**PROVIDED DATA**
--------
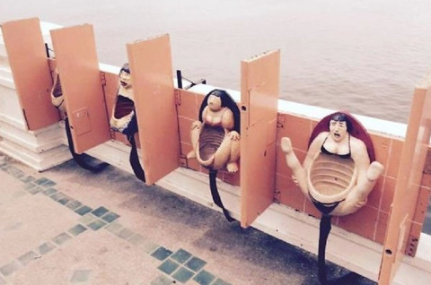 Chon Buri'deki Bang Saen sahilindeki umumi tuvalette çekilen resimlerde açıkça görülüyor ki pisuarların giderlerinden akan her şey borularla denize boşaltılıyor.
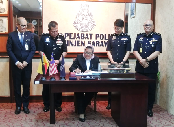 YBrs Puan Mas Tina Abdul Hamid, Co-ordinator of Vehicle Theft Reduction Council of Malaysia signs the Visitor’s Book at IPK Sarawak witnessed by The Deputy Police Commissioner of Sarawak, YDH DCP Mancha Anak Ata and other PDRM Officers.
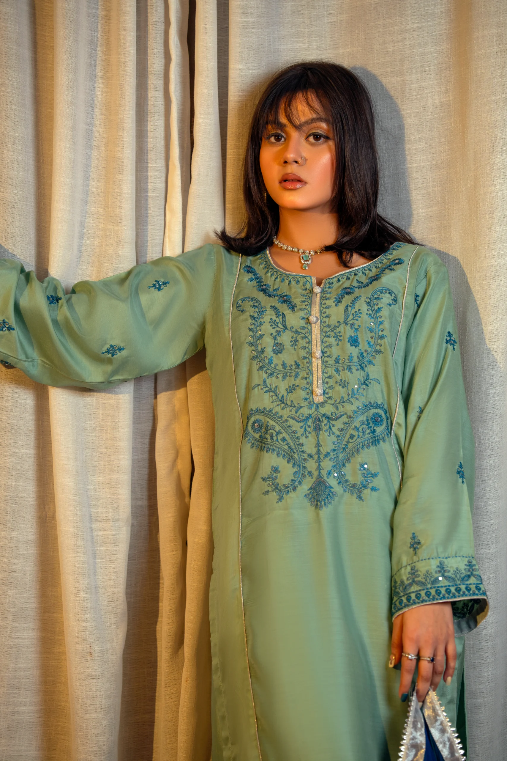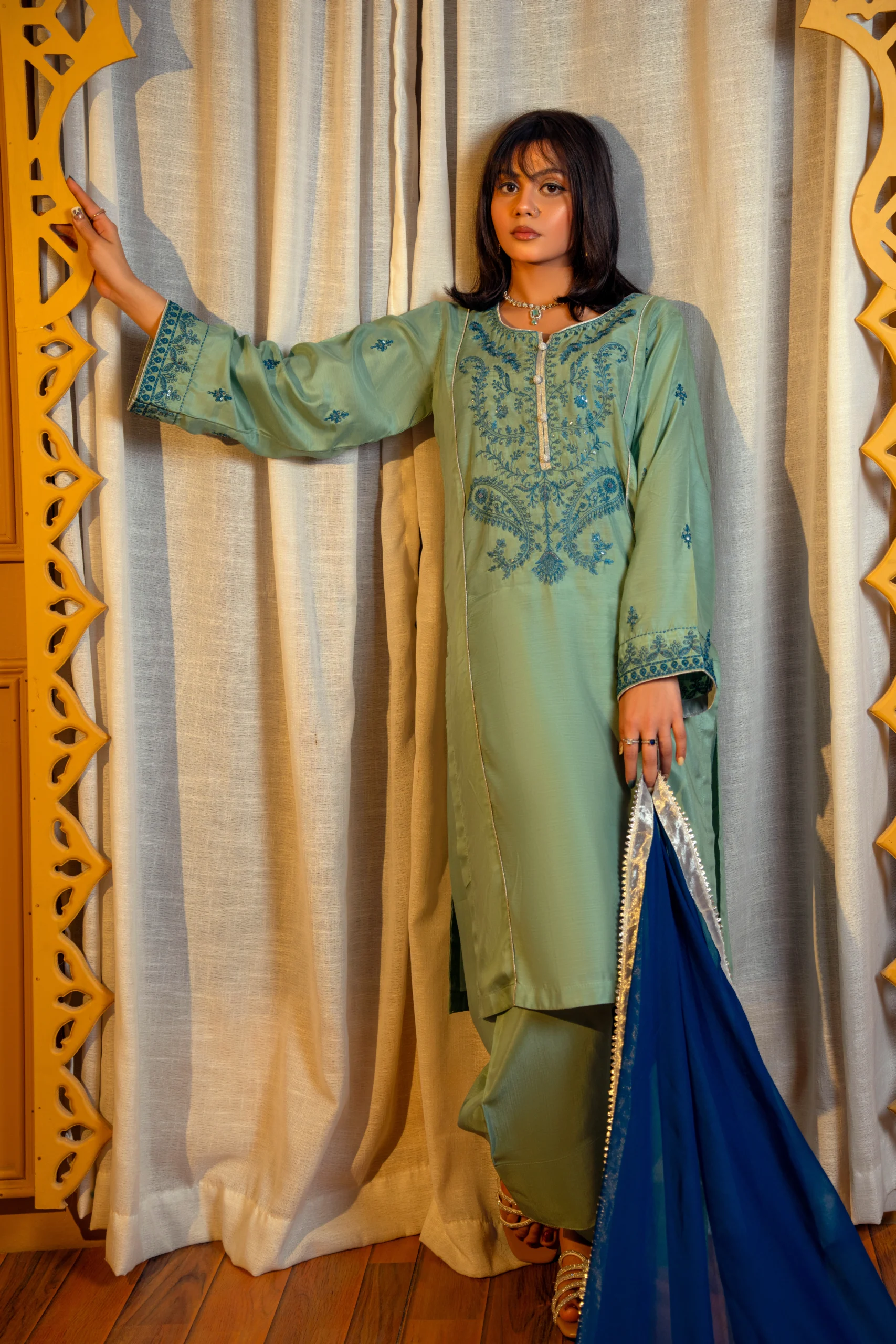 - A simple and elegant mint green suit with bluish thread work on the neck and sleeves.
--------
**HOW TO COMPLETE THIS TASK**
Beginning at the line that contains "YBrs Puan Mas", transcribe it and every later line through the last line of the data above, exactly, and drop the pictures.

**RESPONSE TO THE EXERCISE**
 YBrs Puan Mas Tina Abdul Hamid, Co-ordinator of Vehicle Theft Reduction Council of Malaysia signs the Visitor’s Book at IPK Sarawak witnessed by The Deputy Police Commissioner of Sarawak, YDH DCP Mancha Anak Ata and other PDRM Officers.
 - A simple and elegant mint green suit with bluish thread work on the neck and sleeves.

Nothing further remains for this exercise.